Data to examine>
____________
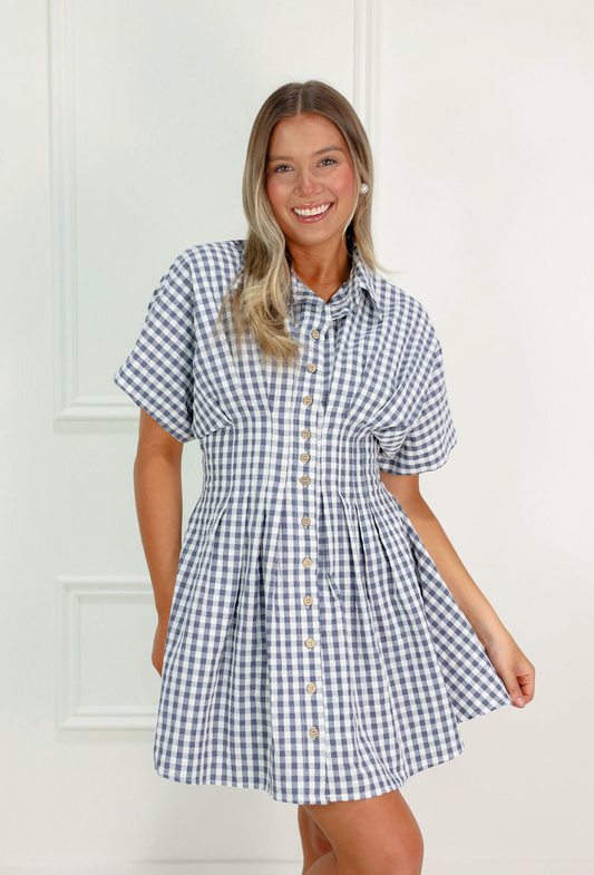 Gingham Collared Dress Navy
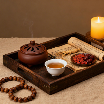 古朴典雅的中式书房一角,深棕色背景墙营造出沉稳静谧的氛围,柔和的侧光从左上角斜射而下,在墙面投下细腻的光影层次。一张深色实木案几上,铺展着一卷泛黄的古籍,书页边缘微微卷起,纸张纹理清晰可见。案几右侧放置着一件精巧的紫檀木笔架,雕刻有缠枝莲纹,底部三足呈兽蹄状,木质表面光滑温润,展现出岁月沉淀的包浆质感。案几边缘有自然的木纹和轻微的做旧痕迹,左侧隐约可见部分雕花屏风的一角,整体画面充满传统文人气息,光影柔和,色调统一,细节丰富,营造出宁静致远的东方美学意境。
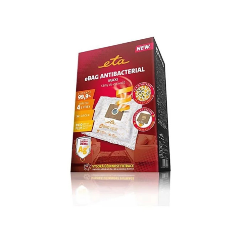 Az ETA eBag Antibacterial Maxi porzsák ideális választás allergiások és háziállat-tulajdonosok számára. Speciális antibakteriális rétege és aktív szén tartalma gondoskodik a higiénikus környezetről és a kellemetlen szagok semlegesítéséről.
____________
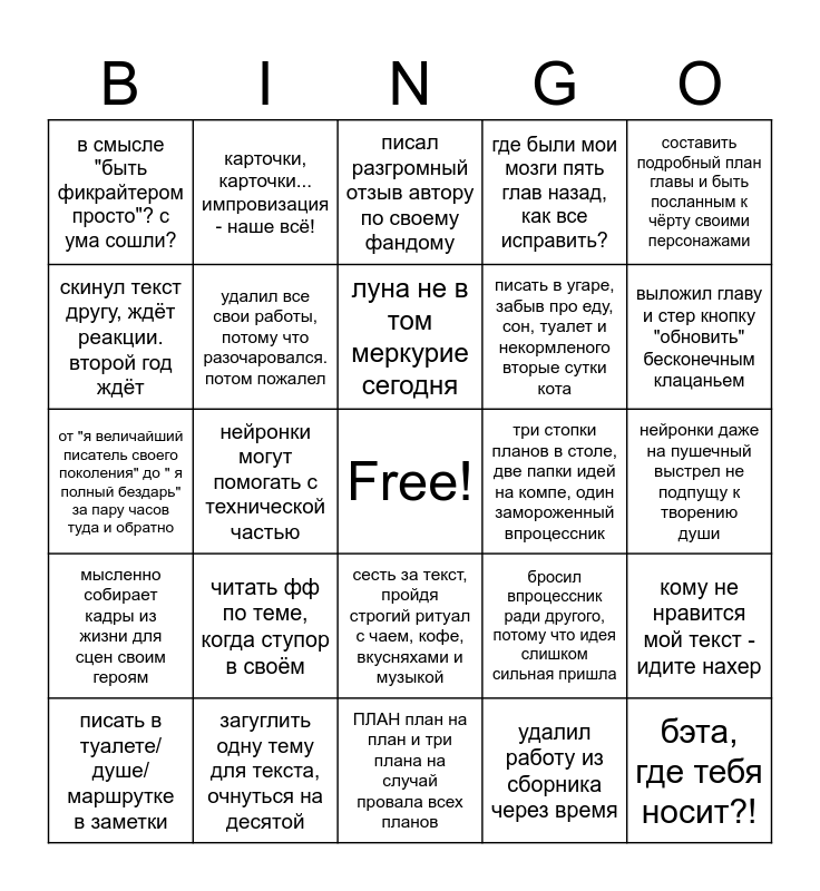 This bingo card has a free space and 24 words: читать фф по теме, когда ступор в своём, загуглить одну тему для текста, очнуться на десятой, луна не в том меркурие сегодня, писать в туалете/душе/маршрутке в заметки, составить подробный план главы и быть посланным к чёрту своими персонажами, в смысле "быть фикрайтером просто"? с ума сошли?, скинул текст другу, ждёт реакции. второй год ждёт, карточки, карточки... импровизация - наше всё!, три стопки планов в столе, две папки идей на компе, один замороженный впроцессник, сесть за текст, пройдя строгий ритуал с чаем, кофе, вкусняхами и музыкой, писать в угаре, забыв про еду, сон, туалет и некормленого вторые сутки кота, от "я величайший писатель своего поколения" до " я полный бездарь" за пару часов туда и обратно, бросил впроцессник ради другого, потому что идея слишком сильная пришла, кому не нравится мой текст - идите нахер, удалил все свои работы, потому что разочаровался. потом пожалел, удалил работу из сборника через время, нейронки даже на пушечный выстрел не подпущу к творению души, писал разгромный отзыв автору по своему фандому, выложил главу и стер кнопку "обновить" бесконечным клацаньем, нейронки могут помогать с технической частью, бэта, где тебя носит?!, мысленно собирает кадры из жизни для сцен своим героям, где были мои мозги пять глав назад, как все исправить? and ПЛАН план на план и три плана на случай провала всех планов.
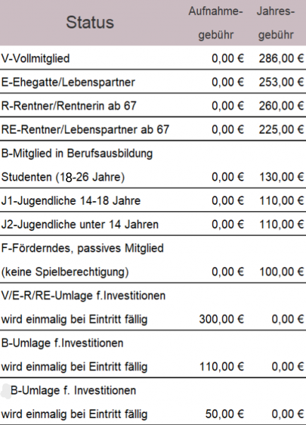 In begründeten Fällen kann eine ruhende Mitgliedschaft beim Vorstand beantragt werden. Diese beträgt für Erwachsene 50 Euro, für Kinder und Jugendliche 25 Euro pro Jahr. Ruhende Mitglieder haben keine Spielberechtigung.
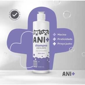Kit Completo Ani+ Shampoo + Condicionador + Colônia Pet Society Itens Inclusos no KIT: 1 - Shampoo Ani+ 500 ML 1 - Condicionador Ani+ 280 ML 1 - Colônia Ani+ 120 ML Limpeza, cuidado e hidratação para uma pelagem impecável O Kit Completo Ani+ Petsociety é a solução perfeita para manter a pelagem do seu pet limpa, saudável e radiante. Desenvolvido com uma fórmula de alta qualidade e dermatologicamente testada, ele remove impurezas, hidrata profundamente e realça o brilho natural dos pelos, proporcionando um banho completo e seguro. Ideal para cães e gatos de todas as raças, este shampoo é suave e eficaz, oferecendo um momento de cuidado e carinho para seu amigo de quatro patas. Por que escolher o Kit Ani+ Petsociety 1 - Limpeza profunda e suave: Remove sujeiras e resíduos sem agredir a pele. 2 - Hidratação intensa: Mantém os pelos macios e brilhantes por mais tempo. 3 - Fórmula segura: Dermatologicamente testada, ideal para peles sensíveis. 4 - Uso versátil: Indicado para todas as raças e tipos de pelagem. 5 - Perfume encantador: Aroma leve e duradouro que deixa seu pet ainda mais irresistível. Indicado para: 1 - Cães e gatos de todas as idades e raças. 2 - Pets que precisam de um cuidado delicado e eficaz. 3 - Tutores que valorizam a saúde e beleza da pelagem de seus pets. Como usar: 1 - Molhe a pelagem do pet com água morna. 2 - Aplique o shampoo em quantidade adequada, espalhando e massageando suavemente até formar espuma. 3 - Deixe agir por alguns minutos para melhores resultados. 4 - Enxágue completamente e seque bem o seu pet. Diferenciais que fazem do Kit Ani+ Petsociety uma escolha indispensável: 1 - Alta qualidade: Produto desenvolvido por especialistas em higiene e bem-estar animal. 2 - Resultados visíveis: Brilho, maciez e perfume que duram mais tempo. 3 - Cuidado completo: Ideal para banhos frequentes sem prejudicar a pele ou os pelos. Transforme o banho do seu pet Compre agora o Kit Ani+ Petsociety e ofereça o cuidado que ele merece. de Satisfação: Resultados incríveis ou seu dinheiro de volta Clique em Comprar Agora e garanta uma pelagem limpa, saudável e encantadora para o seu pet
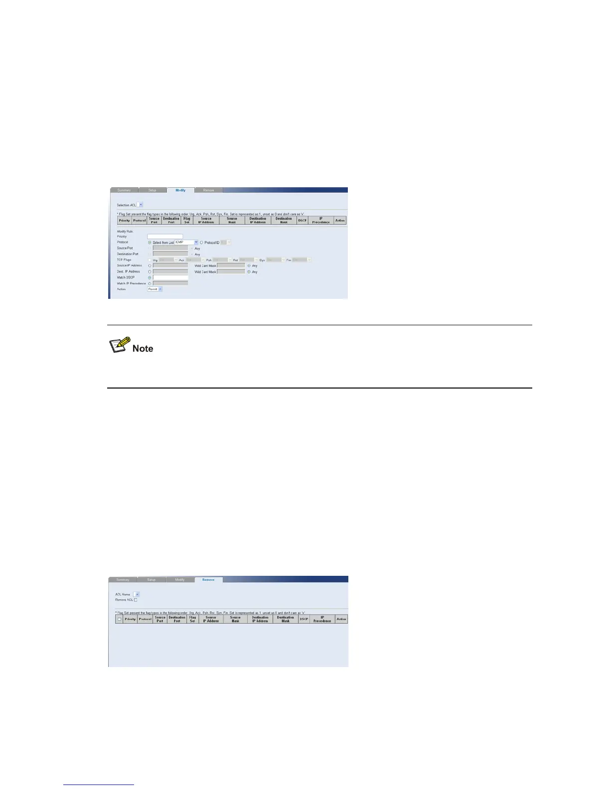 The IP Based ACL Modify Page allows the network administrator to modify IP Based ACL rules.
____________
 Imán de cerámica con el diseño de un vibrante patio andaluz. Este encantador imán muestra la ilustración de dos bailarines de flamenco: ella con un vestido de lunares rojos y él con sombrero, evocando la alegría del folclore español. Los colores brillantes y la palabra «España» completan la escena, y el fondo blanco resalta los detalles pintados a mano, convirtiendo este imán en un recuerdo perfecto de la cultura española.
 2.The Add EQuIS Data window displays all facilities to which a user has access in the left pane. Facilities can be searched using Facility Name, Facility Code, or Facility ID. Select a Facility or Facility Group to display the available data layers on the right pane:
____________
Your task> The answer must be the part of the records that opens with the line containing "古朴典雅的中式书房一角,深棕" and closes with the line containing "Az ETA eBag", reproduced exactly, with no pictures.

Solution to the problem>
 古朴典雅的中式书房一角,深棕色背景墙营造出沉稳静谧的氛围,柔和的侧光从左上角斜射而下,在墙面投下细腻的光影层次。一张深色实木案几上,铺展着一卷泛黄的古籍,书页边缘微微卷起,纸张纹理清晰可见。案几右侧放置着一件精巧的紫檀木笔架,雕刻有缠枝莲纹,底部三足呈兽蹄状,木质表面光滑温润,展现出岁月沉淀的包浆质感。案几边缘有自然的木纹和轻微的做旧痕迹,左侧隐约可见部分雕花屏风的一角,整体画面充满传统文人气息,光影柔和,色调统一,细节丰富,营造出宁静致远的东方美学意境。
 Az ETA eBag Antibacterial Maxi porzsák ideális választás allergiások és háziállat-tulajdonosok számára. Speciális antibakteriális rétege és aktív szén tartalma gondoskodik a higiénikus környezetről és a kellemetlen szagok semlegesítéséről.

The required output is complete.